Now, I'm curious for each day's meal type, what was the total amount of tips and total bills. I'd also like a new row for the sum of the total_tip and total_bill columns. To implement this, from pandas, we'll call the pivot_table() method and set the following arguments:

• data to be our DataFrame df_tips
• index to be ['day', 'time'] since we want to aggregate by both of those columns so each row represents a unique type of meal for a day
• values as ['total_bill', 'tip'] since we want to perform a specific aggregate operation on each of those columns
• aggfunc to 'sum' since we want to find the sum (aka total) for each column passed to the values argument
• margins to True to add up the numerical columns
In [37]:
pd.pivot_table(data=df_tips, index=['day', 'time'], values=['total_bill', 'tip'], aggfunc='sum', margins=True).reset_index().rename(columns={'tip': 'total_tip', 'total_bill': 'total_bill'})

Out[37]:
day time total_tip total_bill
0 Thur Lunch 168.83 1077.55
1 Thur Dinner 3.00 18.78
2 Fri Lunch 16.68 89.92
3 Fri Dinner 35.28 235.96
4 Sat Lunch NaN NaN
5 Sat Dinner 260.40 1778.40
6 Sun Lunch NaN NaN
7 Sun Dinner 247.39 1627.16
8 All 731.58 4827.77

Instead of the final row saying All, I'd prefer it say total.
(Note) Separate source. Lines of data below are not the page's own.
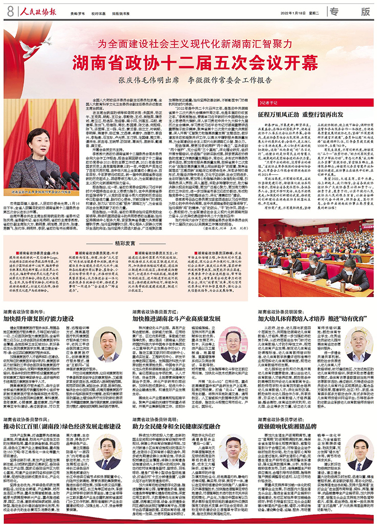 16日下午2時30分,賀安杰宣布大會開幕,全體起立,奏唱國歌。報告全面回顧總結了十二屆省政協(xié)常委會2021年的主要工作成績。2021年是黨和國家歷史上具有里程碑意義的一年。中國共產黨走過了百年風雨歷程,在中華大地上全面建成小康社會,百年目標、千年夢想終成現(xiàn)實。新一屆中共湖南省委站在新的歷史起點上,團結帶領三湘兒女,意氣風發(fā)行進在全面建設社會主義現(xiàn)代化的新征程上。這一年,省政協(xié)常委會堅持以習近平新時代中國特色社會主義思想為指引,在中共湖南省委的堅強領導下,從黨的百年奮斗偉大成就和歷史經(jīng)驗中汲取奮進力量、踐行初心使命,不斷加強專門協(xié)商機構建設,努力以“政協(xié)之能”服務“湖南之為”,為我省經(jīng)濟社會發(fā)展貢獻了政協(xié)力量。會議指出,我們要高舉習近平新時代中國特色社會主義思想偉大旗幟,深入學習貫徹中共十九大和十九屆歷次全會精神,學習貫徹習近平總書記對湖南重要講話重要指示批示精神,聚焦省第十二次黨代會重大決策部署,深入開展“匯智聚力助推高質量發(fā)展”主題活動,做好建言資政和凝聚共識工作,以高水平履職服務高質量發(fā)展,為全面建設社會主義現(xiàn)代化新湖南匯眾智、聚眾力,以優(yōu)異成績迎接中共二十大勝利召開。要更加忠誠擁護“兩個確立”、堅決做到“兩個維護”;更加有效服務高質量發(fā)展;更加用心助推解決群眾急難愁盼問題;更加廣泛凝心聚力;更加有力提升政協(xié)工作實效。會議號召,讓我們更加緊密團結在以習近平同志為核心的中共中央周圍,在中共湖南省委的堅強領導下,始終保持“闖”的精神、“創(chuàng)”的勁頭、“干”的作風,團結一心、勇毅前行,為全面建設社會主義現(xiàn)代化新湖南而努力奮斗,以優(yōu)異成績迎接中共二十大勝利召開!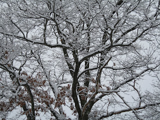 Wet, soft snow sticks to the branches of trees and coats them until the temperature rises and the snow melts and softly falls to the ground.
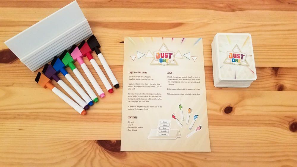 Just One is a party game where, in true parlor game fashion, you get a card with a word on it and your friends have to communicate it to you. With Just One, the card is placed on a pleasing white board stand and you pick a number from 1-5, which will communicate the word to your group. The other players then secretly write something related on their white board stands, then compare words. Any repeats are discarded and then these clues are shown to the first player. You then have to work out the word from their brilliant, but obscure clues.
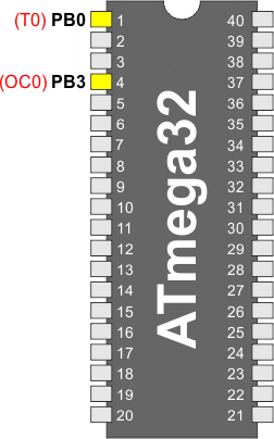 Ogólna funkcja portu we/we zostaje przejęta przez wyjście Output Compare (OC0) z generatora przebiegu, jeśli dowolny z bitów COM01:0 jest ustawiony. Jednakże kierunek końcówki OC0 (wejście lub wyjście) jest wciąż kontrolowany przez rejestr kierunku danych (DDR) dla tej końcówki portu. Bit portu kierunku danych dla końcówki OC0 (DDR_OC0) musi być ustawiony jako wyjście, zanim wartość OC0 stanie się widoczna na końcówce. Funkcja przejmowania jest niezależna od trybu pracy generatora przebiegu.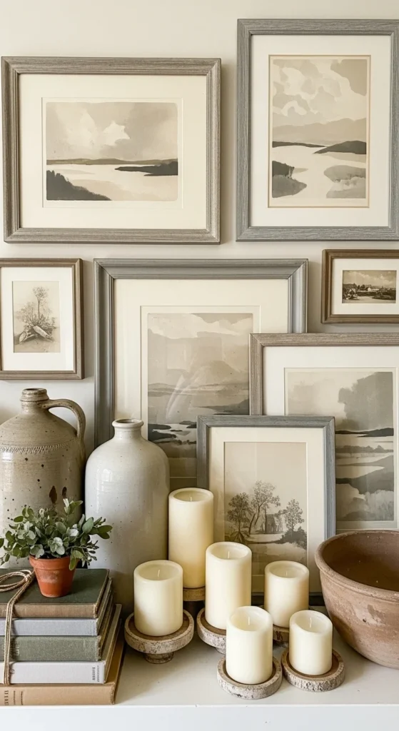Fill frames with black-and-white photos, botanical prints, or simple line art.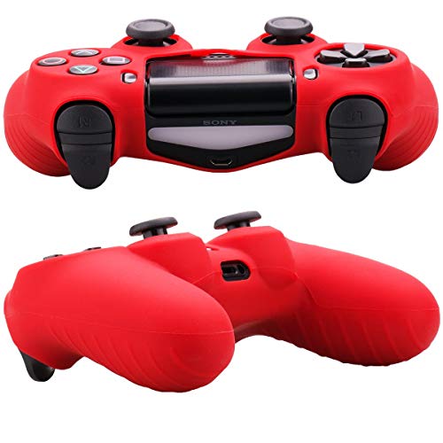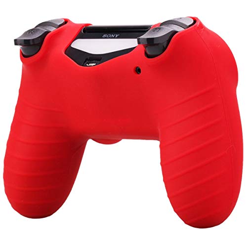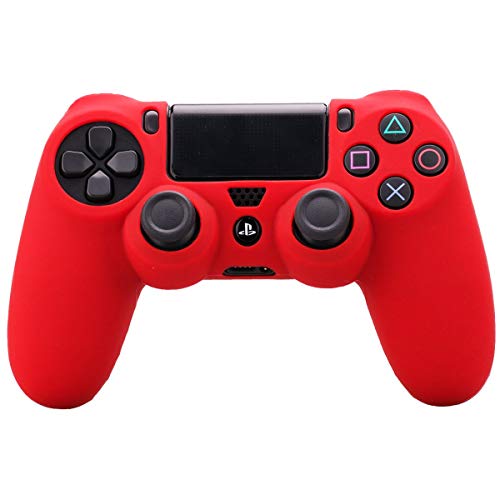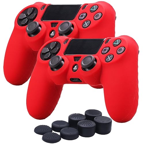 eWINNER - حافظة حماية من السيليكون المرن من اي وينر، أغطية عصا الإبهام متوافق مع أجهزة تحكم سوني بلاي ستيشن 4 دوال شوك (2 جراب + 8 أزرار إبهام، لون أحمر)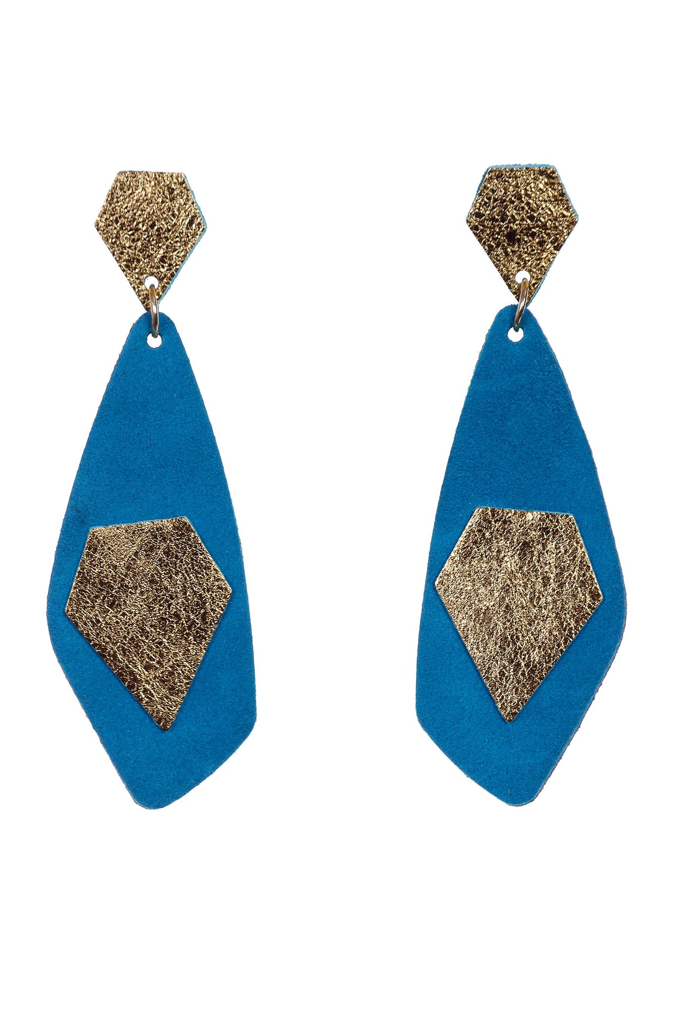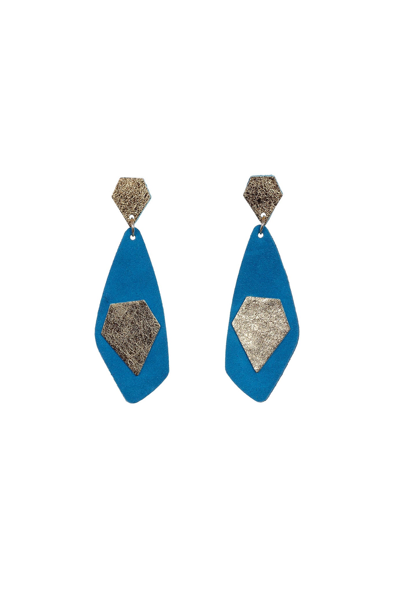 Modelul Drop Blue & Gold este despre curajul de a purta culori tari într-o formă sculpturală. Realizați manual din piele naturală, acești cercei se remarcă prin textura moale a bazei albastre pusă în valoare de aplicațiile aurii cu aspect granulat. Lungimea de 9 cm garantează o prezență spectaculoasă, transformând acest accesoriu într-un element esențial pentru persoanele care iubesc stilul avant-garde.

We can perform this change in our pivot_table() method. Utilize all the same code as above and we'll add a new argument called margins_name and set it to 'total'.

In [38]:
pd.pivot_table(data=df_tips, index=['day', 'time'], values=['total_bill', 'tip'], aggfunc='sum', margins=True, margins_name='total').reset_index().rename(columns={'tip': 'total_tip', 'total_bill': 'total_bill'})

Out[38]:
day time total_tip total_bill
0 Thur Lunch 168.83 1077.55
1 Thur Dinner 3.00 18.78
2 Fri Lunch 16.68 89.92
3 Fri Dinner 35.28 235.96
4 Sat Lunch NaN NaN
5 Sat Dinner 260.40 1778.40
6 Sun Lunch NaN NaN
7 Sun Dinner 247.39 1627.16
8 total 731.58 4827.77

I don't like how in the output above, we see NaN values in our columns. Those essentially mean there were no numerical values to perform in the aggregate operations so we're left with a value of NaN equivalent to not a number. We can fill in those NaN values with 0.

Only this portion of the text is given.